Which do you think is more important, the President or the garbage men? Consider this…

Although Reagan was the nation’s chief executive, his hospitalization had little impact on the nation’s activity. Government continued on. In contrast, it is said NYC looked like [“a vast slum as mounds of refuse grow higher and strong winds whirl the filth through the streets.” …there were about 30,000 tons of trash on the streets, a number that would grow to 100,000 tons…“Garbage was piled chest-high. Egg shells, coffee grounds, milk cartons, orange rinds, and empty beer cans littered the sidewalk.”]

Both the president and the garbage collectors are vital, they just serve different functions!

It’s the same way with grace-gifts. Both the speaking and serving grace-gifts give God glory, and that’s all that matters.


Grace gifts are discovered by serving (not necessarily by taking a spiritual inventory evaluation).

I like the way Henry Blackaby looks at this. He says that instead of trying to discover our gifts so that we might use them, we should instead seek an assignment first, and discover our gifts along the way.

My story of how I came to discover I had the gift of teaching…

I would encourage you to not only pray about discovering your grace-gifts but go ahead and start serving until you find that sweet spot.

Let me be a little blunt for a minute. I’m pretty sure one reason the church flounders is because too many folks are sitting on their grace-gifts, too many folks aren’t trying to discover their sweet spot.

That’s why we fuss so much and get so little done. When you’re serving you don’t have time to fuss!

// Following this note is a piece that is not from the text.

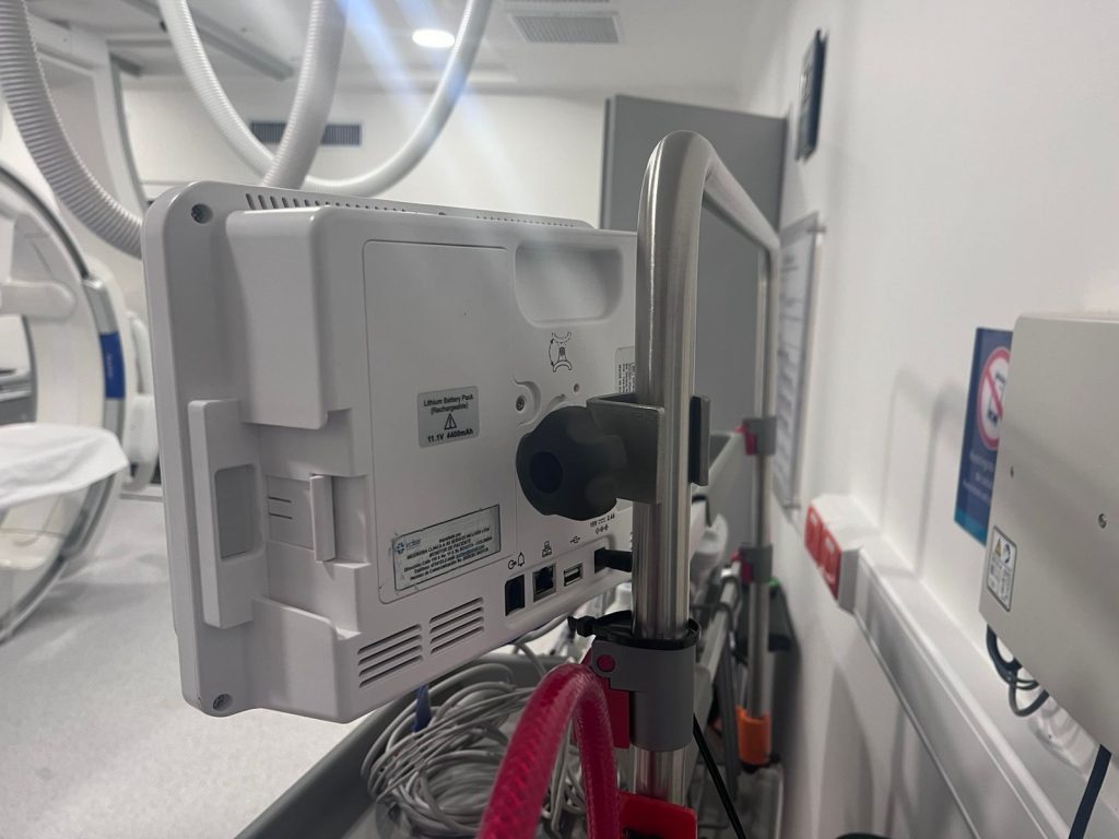 Prensa de sujeción para monitor a tubo de atril para camilla. Material: Acero inox 304, con tornillos de sujeción y buje dilatador.

And think about all the opportunities lost because part of the body (the community of faith) isn’t employing it’s grace-gifts in ministering the gospel.

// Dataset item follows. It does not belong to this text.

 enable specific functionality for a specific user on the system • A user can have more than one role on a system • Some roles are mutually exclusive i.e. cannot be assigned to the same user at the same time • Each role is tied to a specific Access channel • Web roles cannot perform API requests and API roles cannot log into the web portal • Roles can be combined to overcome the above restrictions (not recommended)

Conclusion: Let’s look back at what Peter said about grace-gifts one last time…

10 As each has received a gift, use it to serve one another, as good stewards of God’s varied grace: 

If God empowers us with grace-gifts then he owns them. If he owns them and puts us in charge of them that makes us managers. If someone said, “I’d like to speak to the manager,” concerning grace-gifts, who shows up? We do.

One fellow said…

“All too often we regard stewardship simply as a matter of our giving to God, but this aspect is secondary. Before we can give, we must possess, and before we possess we must receive. Therefore, stewardship is, in the first place, receiving God's good and bounteous gifts. And once received, those gifts are not to be used solely for our own good. They must also be used for the benefit of others, and ultimately for the glory of God the giver. The steward needs an open hand to receive from God and then an active hand to give to God and to others.”

Repeat after me… Grace-gifts are given to us from God. That makes me a steward of them. Therefore I must use those gifts in serving others.

The greatest grace-gift ever given is Jesus!